For instance, with a P value of 0.05, a highly plausible alternative hypothesis is associated with a false positive rate of at least 12% while an implausible alternative has a rate of at least 76%! In other words, if you are studying an implausible alternative hypothesis and you obtain a significant P value, there is a greater probability that the alternative hypothesis is not actually correct.
Extraordinary claims require extraordinary evidence—consider the plausibility of the alternative hypothesis in conjunction with the P value. A significant P value doesn’t absolve us of using our common sense while interpreting the results. If you hear about a startling study that produces unprecedented results, don’t let that initial significant P value sway you too much. Wait until the other studies replicate the findings before you trust them!

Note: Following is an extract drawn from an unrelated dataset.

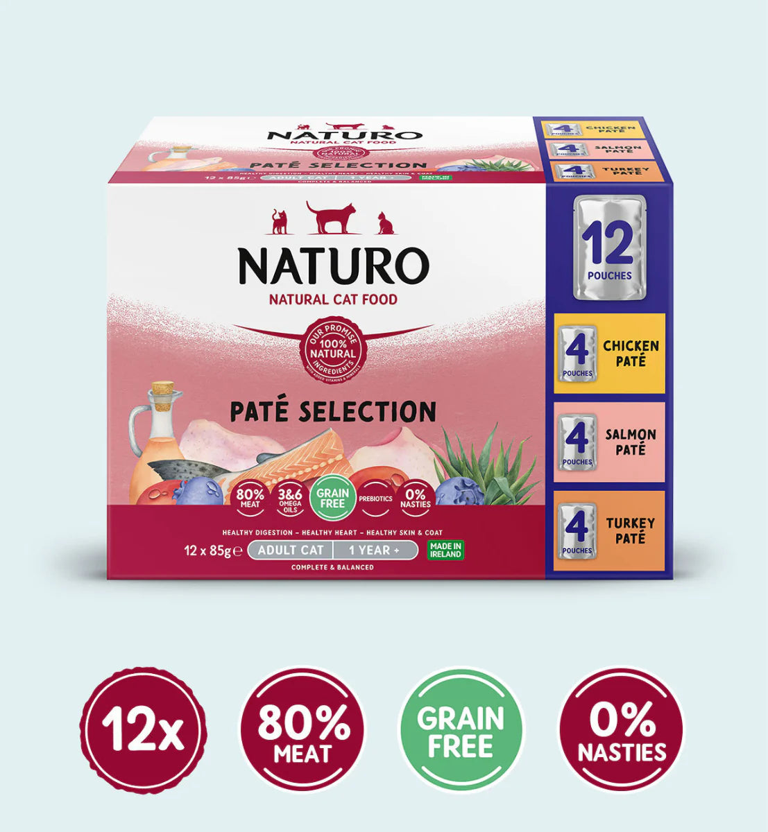 Our Grain Free Cat Food is the perfect complete meal for your Adult Cat. With 80% meat this is an excellence source of protein and B vitamins to support healthy muscles and energy delivery.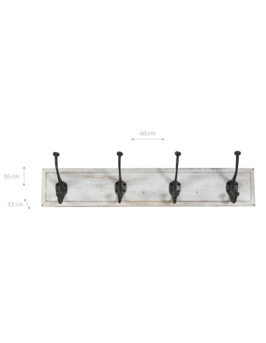 Стенен стелаж от палто от масивно дърво и ръчно ковано желязо с антично бяло покритие 60x12x16 cm

No studies of other AIDS vaccines have provided sufficient evidence to reject the null hypothesis. This pattern demonstrates it is unlikely that the alternative hypothesis is true for the Thai study. In this scenario, we can expect false positive rates of around 75%! For this scenario, replicating the results with other studies is crucial—see tip #4.
Tip 5: Use Your Expertise
You must apply your subject area expertise to all facets of statistical hypothesis testing to avoid misleading results. Investigators should use their expertise to evaluate the validity of the experimental design, proposed mechanisms behind the effect, practical significance of the effect, the plausibility of the alternative hypothesis, and so on. Expertise transforms statistical results from numbers into meaningful findings that you can trust.
Evaluating the Hypothesis Test Results for the AIDS Vaccine Study
In this post, we looked at an AIDS vaccine study that had statistically significant results. However, we saw the following:
- The P value of 0.039 is not compelling evidence by itself.
- The vaccine does not have a proven track record of significant results.
- The confidence interval indicates that that the estimated effect size is both small and imprecise.
- Studies of other AIDS vaccines have not had significant results, which suggest that the alternative hypothesis in the Thai study is implausible.
Taken together, the additional considerations should make us cautious about potentially misleading results. In other words, we shouldn’t pop open a bottle of champagne and start mass producing the vaccine yet. We need to wait and see if other studies will replicate these results. We also need to keep an eye on the effect size in future studies to determine whether the vaccine’s effectiveness is practically significant.
Now that’s a much more thorough assessment than simply noting that the P value is statistically significant!